RuleML started this way, but now has adapted to the point where the 
reasons for allowing NEG (ie classical negation) as well as NAF are 
widely understood and acknowledged. I could wish for more, but this 
is a step in the right direction.

>The key part of the discussion involves whether or not a system can 
>trust/assume
>that closed world semantics applies to some graph / RDF dataset.

Right; though I would say that the real issue is how this fact about 
a graph (or a "knowledge resource" of some kind) can itself be 
represented and communicated across the sweb. I think we agree on 
this.

>While its
>certainly the case that nothing in RDF sanctions that assumption, only a small
>amount of machinery is needed,  namely; named graphs and a single predicate
>that can assert that a particular graph has closed-world semantics.
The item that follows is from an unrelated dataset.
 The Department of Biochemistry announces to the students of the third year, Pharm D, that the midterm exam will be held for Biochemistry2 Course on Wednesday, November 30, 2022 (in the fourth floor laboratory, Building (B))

That would do for simple cases. In practice however I think there 
will be different kinds of closure. A graph might have all the 
information about who works for a company - all the employees - but 
only partial information about, say, their marital status; or a KB 
might be complete wrt a certain kind of triple for the items in it, 
eg a list of folk which undertakes to be complete wrt their US 
citizenship, without of course claiming to include every US citizen. 
And so on. (see later)

However, I agree that using RDF to do this task, and named graphs to 
be the primary naming device, is a smart way to go.

>  Possibly,
>the predicate would be more specific, asserting that a particular property
>(and its subproperties) are closed within the named graph.
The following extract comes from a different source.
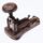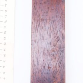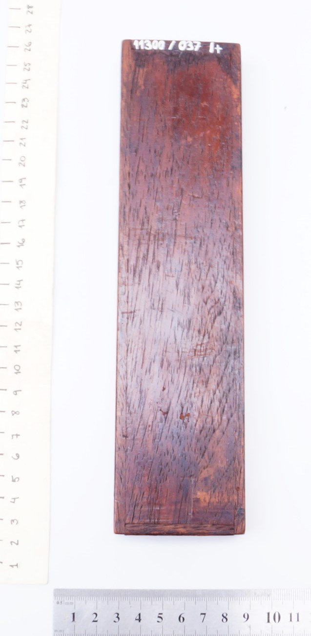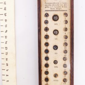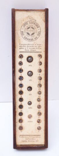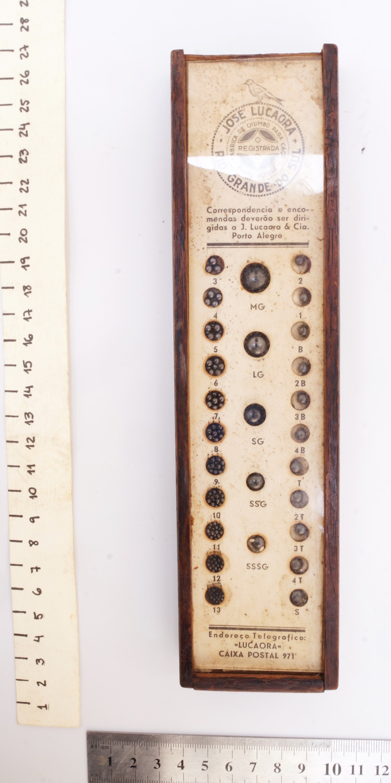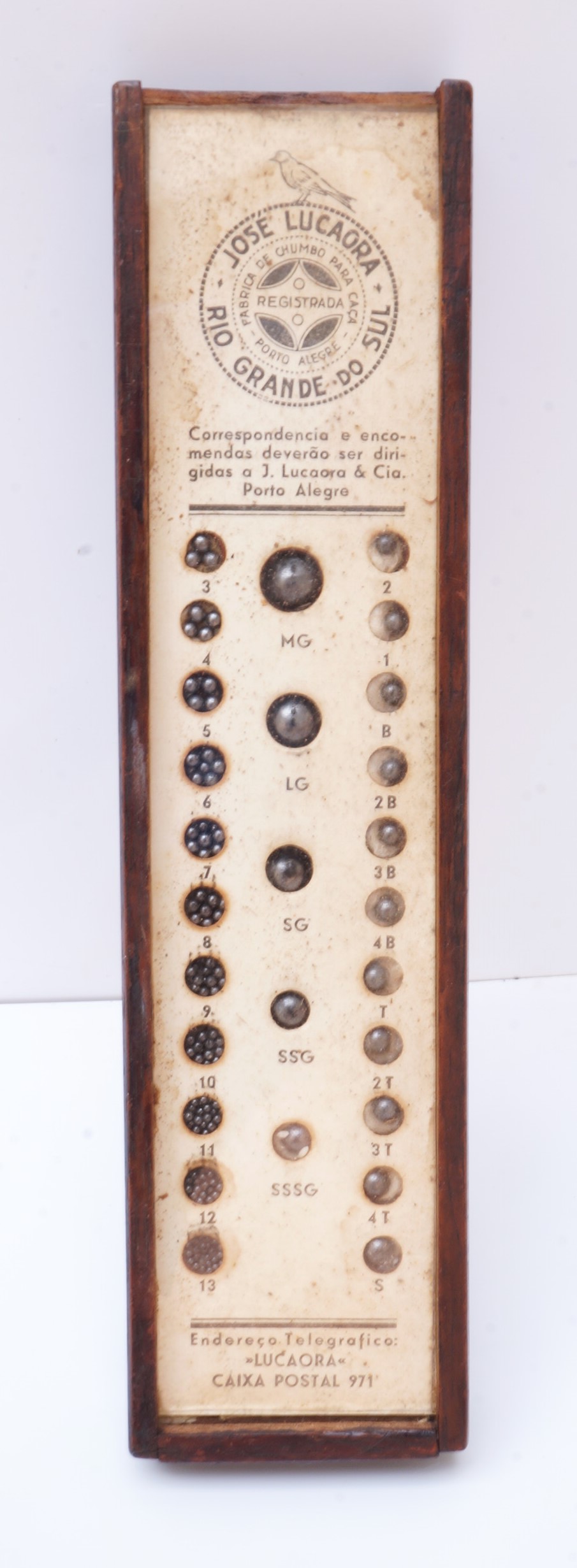Mostruário retangular de madeira. Um visor de plástico transparente revela um rótulo de papel branco e amostras de chumbo. No topo do papel foi impresso em tinta preta a etiqueta redonda da fabricante “JOSÉ LUCAORA | RIO GRANDE DO SUL | FÁBRICA DE CHUMBO PARA CAÇA – PORTO ALEGRE | REGISTRADA”, na qual senta a imagem de um passarinho. Abaixo da etiqueta há o texto “Correspondência e encomendas deverão ser dirigidas a J. Lucaora & Cia. Porto Alegre”. Em seguida há três colunas de amostras de chumbo, as quais são reveladas por aberturas circulares no papel. Na base do papel foi impresso “Endereço Telegrafico: >LUCAORA< CAIXA POSTAL 971”.

We will need a whole vocabulary. If we can invent a 'graph closure 
ontology' that would be some actual use, I think that would be a 
valuable contribution.

Consider a property ppp, and the fact that the graph does not contain 
a triple of the form

aaa ppp bbb .

Now, what can we conclude? That the property is false of *any* such 
aaa and bbb? Call that total closure. That would be a very strong 
kind of closure.  Eg that would not handle the case where the graph 
gives US citizenship information for all the people it mentions, but 
doesnt undertake to list all US citizens. To do that we would need a 
notion like, if the graph contains a triple whose subject is aaa, but 
it does not contain

aaa ppp bbb .

then aaa does not have the value bbb for the property ppp (but if aaa 
is not mentioned at all, then nothing follows.) Call that subject 
closure.  Obviously there is an analogous version of this for the 
object rather than the subject, but maybe that will not be so 
interesting in practice. And then there might be special versions of 
this for rdf:type, ie closure conditions for classes. The simplest 
one would be that if the graph does not contain

aaa rdf:type ccc

then aaa is not in the class ccc; but again, it might be useful to 
have a version of this restricted to the aaa's actually named in the 
graph. Call them respectively class closure and subject class 
closure. (Im making these names up arbitrarily, and if there are 
better names already in use, then lets use those, of course.)

Now we could have properties of classes and property with graphs as values:

ppp totalClosedIn ggg
ppp subjectClosedIn ggg
ccc classClosedIn ggg
ccc subjectClassClosedIn ggg

and write little ontologies. And of course now a named-graph ontology 
can include its own closure conditions by using its own graph name. 
However I bet a widely used technique would be to have the 'closure' 
ontology import the 'bare facts' ontology, so that one accesses the 
latter 'through' the former. This allows the 'bare facts' to actually 
be a non-RDF resource with an RDF skin over it, such as a database 
with a SPARQL interface.

Can you think of any other kinds of closure condition we might need? 
How about being closed but only for certain values of the object? Or 
closed over property values but only for subjects in a certain class? 
One can go on making these up for ever, and I don't have a good 
feeling for where would be a 'natural' place to stop, or if there is 
a reasonably plausible basic set which can be used to compose all the 
cases we would need.

BTW, there are some delicate issues concerning blank nodes. Suppose 
we say that ppp is subject closed, and the graph contains a triple

aaa ppp _:x

What follows? Does aaa have a ppp value? I guess we have to say it 
does, and that this is enough to escape the NAF inference. But if ppp 
is 'citizenship', then just knowing that Fred has some kind of 
citizenship hardly seems the same kind of closure as knowing what 
country Fred actually is a citizen of. (For an extreme case, imagine 
a boolean-valued property, such as criminalRecord with value 
'true^^xsd:boolean or "false"^^xsd:boolean, and suppose we just know 
that
Joe criminalRecord _:x .
I know its kind of dumb, but it could happen: its legal RDF.)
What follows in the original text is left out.